═══ Task material ═══
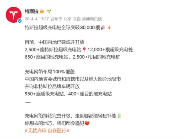 值得关注的是,2026年3月28日,特斯拉在重庆高速公路服务区一次性建成55座超级充电站,并正式向非特斯拉品牌车辆开放使用。截止目前,特斯拉已向非特斯拉品牌车辆开放950余座超级充电站和400余座目的地充电站。共计1350余座充电站。
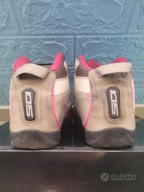 Scarpe moto donna estive N.41 sidi Mod SDS Gas Flow grigio/rosa in buone condizioni. Ho scatola e stringhe originale(bianche),lascio naturalmente anche quelle in foto di stringhe. Ancora tutte da sfruttare,molto comode anche in passeggiata,entra molta aria in viaggio.
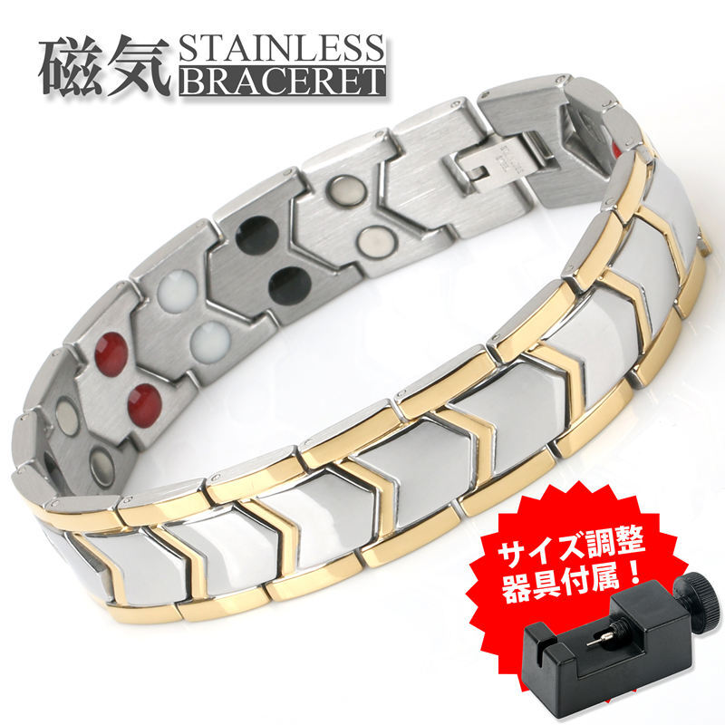 - 磁気ブレスレット メンズ ステンレス ゴールド ブレスレット 金属アレルギー対応 ビーズ 磁力 磁石 316L 調整器具付属
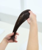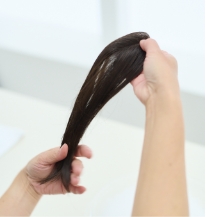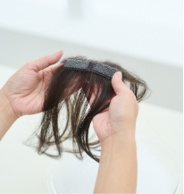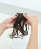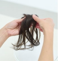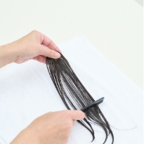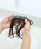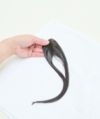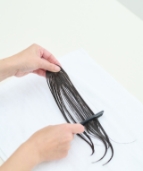 毛先をコームやブラシで軽くとかし、地毛と自然になじませます。
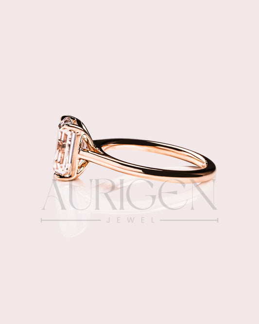 Moissanite and Lab Grown Diamond Emerald Cut Solitaire Engagement Ring in Solid Gold
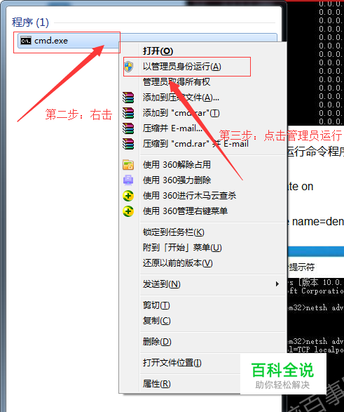 首先,以管理员的身份运行“命令”程序,打开步骤如下图:
═══
Exercise prompt: Only lines belong in the copy: transcribe those from the start of the data through the line that contains "Scarpe moto donna", and skip the pictures.

Answer box:
 值得关注的是,2026年3月28日,特斯拉在重庆高速公路服务区一次性建成55座超级充电站,并正式向非特斯拉品牌车辆开放使用。截止目前,特斯拉已向非特斯拉品牌车辆开放950余座超级充电站和400余座目的地充电站。共计1350余座充电站。
 Scarpe moto donna estive N.41 sidi Mod SDS Gas Flow grigio/rosa in buone condizioni. Ho scatola e stringhe originale(bianche),lascio naturalmente anche quelle in foto di stringhe. Ancora tutte da sfruttare,molto comode anche in passeggiata,entra molta aria in viaggio.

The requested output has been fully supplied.